Schmitt's common stock will continue to be listed and traded on the Nasdaq Capital Market during the 60-day grace period, subject to its compliance with the other continued listing requirements of the Nasdaq Capital Market.
Schmitt has determined that its financial statements as of and for the quarterly periods ended from August 31, 2021 through February 28, 2022 (collectively, the "Non-Reliance Periods") included in the associated Form 10-Qs for the periods ended August 31, 2021, November 30, 2021 and February 28, 2022, including the comparative periods, filed with the Securities Exchange Commission (the "SEC"), (1) should no longer be relied upon due to certain errors in the ineffective application of cut-off procedures resulting primarily in the exclusion of certain general and administrative expenses from the statement of operations in the Company's financial statements during the fiscal year ended May 31, 2022 and (2) will require restatement. The Company's preliminary estimate is that the cumulative effect of these errors is a misstatement of $330,203 in under-recognized expenses over the first three quarters of its fiscal year; however such amount is subject to revision as the Company finalizes its analysis. For further information please refer to Schmitt's Current Report on Form 8-K filed with SEC on September 20, 2022.

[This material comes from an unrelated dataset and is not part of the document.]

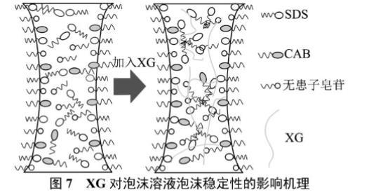 圖7 XG對(duì)泡沫溶液泡沫穩(wěn)定性的影響機(jī)理

On September 17, 2022, the Company received notice of termination of the previously announced non-binding term sheet (the "Term Sheet") with Proton Green, LLC ("Proton Green") regarding the reverse merger with Proton Green and spin-off of Schmitt's Ample Hills business. As a result of the termination the transactions contemplated by the Term Sheet, as described in the Company's press release dated July 20, 2022, will not proceed.